▶ _What needs to be done_
The result should be every line of the listing that holds the word "Hier".

========

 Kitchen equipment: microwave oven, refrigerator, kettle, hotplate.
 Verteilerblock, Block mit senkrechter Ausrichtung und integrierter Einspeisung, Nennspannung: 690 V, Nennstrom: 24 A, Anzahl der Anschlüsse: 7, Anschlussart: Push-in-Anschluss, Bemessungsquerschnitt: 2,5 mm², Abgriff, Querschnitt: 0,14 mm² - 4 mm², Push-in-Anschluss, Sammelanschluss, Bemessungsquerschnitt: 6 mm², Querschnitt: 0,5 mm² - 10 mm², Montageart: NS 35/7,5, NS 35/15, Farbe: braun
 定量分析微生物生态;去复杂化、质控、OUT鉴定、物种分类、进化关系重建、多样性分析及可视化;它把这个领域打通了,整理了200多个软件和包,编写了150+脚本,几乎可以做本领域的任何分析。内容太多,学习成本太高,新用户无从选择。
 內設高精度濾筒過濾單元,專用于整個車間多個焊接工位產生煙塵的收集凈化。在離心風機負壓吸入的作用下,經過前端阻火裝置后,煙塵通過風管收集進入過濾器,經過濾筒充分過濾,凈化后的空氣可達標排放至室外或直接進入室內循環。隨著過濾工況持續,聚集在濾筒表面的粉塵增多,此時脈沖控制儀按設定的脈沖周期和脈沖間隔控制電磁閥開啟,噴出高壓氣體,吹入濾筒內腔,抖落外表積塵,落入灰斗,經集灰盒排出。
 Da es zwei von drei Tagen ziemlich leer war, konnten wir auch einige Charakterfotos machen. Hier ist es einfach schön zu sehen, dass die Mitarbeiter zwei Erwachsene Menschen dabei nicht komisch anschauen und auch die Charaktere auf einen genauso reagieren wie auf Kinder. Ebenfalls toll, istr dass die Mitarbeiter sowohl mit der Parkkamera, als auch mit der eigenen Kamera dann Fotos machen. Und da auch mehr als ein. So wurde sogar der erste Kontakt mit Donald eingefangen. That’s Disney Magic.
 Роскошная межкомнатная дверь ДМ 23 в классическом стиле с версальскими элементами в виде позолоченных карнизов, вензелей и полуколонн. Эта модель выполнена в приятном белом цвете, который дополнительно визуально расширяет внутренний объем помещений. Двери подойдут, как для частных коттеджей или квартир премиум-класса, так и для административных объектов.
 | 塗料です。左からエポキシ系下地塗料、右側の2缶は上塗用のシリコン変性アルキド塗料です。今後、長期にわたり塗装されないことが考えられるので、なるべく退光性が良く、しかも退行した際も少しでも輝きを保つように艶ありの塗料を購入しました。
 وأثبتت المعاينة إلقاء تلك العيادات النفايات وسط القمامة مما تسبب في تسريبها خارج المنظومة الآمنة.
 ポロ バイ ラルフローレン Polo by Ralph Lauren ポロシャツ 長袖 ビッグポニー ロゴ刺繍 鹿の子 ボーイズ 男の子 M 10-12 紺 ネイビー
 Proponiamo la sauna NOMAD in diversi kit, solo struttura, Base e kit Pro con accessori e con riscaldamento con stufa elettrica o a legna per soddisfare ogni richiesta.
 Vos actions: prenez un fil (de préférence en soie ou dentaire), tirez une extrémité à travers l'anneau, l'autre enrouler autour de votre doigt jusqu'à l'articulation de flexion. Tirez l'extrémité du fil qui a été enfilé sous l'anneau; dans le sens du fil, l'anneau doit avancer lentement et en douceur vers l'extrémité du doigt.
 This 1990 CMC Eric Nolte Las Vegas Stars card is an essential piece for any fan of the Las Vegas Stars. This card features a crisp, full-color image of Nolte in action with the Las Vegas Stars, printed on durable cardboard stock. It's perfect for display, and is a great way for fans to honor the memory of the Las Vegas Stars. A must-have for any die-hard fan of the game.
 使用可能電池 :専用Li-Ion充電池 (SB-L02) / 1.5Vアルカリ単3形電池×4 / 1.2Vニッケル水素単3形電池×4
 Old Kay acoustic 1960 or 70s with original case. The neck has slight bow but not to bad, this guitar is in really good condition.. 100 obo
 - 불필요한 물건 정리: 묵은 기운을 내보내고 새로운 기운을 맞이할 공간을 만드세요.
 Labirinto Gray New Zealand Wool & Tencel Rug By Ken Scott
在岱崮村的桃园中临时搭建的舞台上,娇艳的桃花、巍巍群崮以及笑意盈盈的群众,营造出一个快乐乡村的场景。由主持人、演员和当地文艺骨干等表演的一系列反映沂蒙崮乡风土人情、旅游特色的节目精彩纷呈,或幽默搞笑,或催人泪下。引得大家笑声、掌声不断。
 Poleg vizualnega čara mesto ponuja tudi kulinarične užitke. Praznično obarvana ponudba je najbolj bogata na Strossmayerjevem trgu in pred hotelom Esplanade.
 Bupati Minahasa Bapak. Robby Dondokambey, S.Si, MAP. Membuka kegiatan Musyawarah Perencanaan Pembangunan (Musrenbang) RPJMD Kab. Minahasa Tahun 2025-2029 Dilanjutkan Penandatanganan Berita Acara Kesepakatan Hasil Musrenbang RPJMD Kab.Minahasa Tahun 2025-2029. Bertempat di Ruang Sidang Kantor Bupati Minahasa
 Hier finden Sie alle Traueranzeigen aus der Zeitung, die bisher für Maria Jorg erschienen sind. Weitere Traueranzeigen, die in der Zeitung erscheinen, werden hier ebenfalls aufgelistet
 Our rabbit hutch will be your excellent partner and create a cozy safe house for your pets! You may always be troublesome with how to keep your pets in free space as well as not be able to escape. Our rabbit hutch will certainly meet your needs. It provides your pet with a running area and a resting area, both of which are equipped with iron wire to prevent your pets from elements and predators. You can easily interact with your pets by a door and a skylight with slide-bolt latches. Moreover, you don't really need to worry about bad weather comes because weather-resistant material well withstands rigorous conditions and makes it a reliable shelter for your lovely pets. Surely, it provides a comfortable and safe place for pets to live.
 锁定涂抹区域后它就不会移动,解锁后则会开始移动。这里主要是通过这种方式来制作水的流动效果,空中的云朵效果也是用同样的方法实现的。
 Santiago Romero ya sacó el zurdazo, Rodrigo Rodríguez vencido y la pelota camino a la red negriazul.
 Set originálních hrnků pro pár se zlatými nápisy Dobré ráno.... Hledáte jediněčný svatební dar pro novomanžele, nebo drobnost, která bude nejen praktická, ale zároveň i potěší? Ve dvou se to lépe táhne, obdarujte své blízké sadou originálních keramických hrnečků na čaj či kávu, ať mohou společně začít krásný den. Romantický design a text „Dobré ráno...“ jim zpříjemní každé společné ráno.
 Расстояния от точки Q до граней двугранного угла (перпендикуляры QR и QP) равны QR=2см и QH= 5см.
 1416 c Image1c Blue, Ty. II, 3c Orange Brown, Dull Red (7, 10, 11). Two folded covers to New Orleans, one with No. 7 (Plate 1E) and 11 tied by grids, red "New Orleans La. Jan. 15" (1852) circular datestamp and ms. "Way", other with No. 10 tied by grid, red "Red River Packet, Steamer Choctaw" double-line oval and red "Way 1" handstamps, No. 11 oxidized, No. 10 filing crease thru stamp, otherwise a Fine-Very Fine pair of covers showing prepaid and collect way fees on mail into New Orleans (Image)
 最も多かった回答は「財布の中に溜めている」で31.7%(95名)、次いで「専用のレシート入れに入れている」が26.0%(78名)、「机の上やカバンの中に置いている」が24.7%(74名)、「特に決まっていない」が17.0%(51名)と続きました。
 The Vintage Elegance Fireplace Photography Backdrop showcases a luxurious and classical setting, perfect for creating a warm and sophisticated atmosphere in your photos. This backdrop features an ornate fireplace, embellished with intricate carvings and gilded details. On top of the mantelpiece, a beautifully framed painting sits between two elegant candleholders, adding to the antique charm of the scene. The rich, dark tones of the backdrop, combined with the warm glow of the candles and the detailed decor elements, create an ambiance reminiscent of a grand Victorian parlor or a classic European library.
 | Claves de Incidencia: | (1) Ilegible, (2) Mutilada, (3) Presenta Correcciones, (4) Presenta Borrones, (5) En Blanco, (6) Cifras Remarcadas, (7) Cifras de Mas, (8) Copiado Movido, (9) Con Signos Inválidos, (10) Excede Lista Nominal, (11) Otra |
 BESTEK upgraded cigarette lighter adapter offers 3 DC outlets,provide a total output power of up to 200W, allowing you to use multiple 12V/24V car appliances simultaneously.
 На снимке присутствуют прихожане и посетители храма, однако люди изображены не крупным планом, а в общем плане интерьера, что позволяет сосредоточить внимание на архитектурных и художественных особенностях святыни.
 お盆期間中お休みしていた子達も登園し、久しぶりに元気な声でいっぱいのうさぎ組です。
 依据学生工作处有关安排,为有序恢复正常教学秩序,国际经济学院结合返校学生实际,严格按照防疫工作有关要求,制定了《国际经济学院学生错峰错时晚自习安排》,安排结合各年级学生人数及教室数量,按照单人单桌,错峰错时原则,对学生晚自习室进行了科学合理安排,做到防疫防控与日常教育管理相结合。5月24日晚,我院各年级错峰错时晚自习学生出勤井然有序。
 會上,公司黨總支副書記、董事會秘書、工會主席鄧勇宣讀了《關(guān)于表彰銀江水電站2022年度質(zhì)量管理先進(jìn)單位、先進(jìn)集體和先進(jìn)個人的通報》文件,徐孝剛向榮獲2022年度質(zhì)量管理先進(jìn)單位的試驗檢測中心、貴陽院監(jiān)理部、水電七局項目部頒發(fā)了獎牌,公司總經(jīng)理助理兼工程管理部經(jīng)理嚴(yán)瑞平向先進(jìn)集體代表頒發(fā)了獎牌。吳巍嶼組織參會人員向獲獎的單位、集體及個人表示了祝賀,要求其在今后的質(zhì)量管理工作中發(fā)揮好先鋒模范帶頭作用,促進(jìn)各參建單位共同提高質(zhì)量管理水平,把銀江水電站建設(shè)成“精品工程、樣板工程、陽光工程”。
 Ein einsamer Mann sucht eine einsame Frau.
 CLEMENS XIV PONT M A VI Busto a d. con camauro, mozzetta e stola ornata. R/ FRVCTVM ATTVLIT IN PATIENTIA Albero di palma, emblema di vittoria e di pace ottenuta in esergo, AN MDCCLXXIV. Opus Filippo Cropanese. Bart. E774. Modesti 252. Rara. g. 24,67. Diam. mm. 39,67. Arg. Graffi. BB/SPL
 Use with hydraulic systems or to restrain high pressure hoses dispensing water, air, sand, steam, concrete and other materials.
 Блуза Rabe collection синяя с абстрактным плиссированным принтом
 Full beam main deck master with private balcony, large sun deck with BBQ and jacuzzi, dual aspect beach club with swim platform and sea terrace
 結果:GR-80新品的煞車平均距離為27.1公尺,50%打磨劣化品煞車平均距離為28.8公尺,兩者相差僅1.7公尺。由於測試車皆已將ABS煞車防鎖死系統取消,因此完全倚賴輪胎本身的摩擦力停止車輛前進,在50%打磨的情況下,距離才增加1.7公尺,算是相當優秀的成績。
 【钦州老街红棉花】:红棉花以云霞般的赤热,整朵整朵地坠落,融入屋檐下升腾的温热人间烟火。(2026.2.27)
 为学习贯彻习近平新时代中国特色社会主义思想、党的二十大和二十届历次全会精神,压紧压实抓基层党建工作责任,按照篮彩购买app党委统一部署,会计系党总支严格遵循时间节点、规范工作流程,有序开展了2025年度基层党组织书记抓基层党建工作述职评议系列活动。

========

▶ _Expected output_
 Da es zwei von drei Tagen ziemlich leer war, konnten wir auch einige Charakterfotos machen. Hier ist es einfach schön zu sehen, dass die Mitarbeiter zwei Erwachsene Menschen dabei nicht komisch anschauen und auch die Charaktere auf einen genauso reagieren wie auf Kinder. Ebenfalls toll, istr dass die Mitarbeiter sowohl mit der Parkkamera, als auch mit der eigenen Kamera dann Fotos machen. Und da auch mehr als ein. So wurde sogar der erste Kontakt mit Donald eingefangen. That’s Disney Magic.
 Hier finden Sie alle Traueranzeigen aus der Zeitung, die bisher für Maria Jorg erschienen sind. Weitere Traueranzeigen, die in der Zeitung erscheinen, werden hier ebenfalls aufgelistet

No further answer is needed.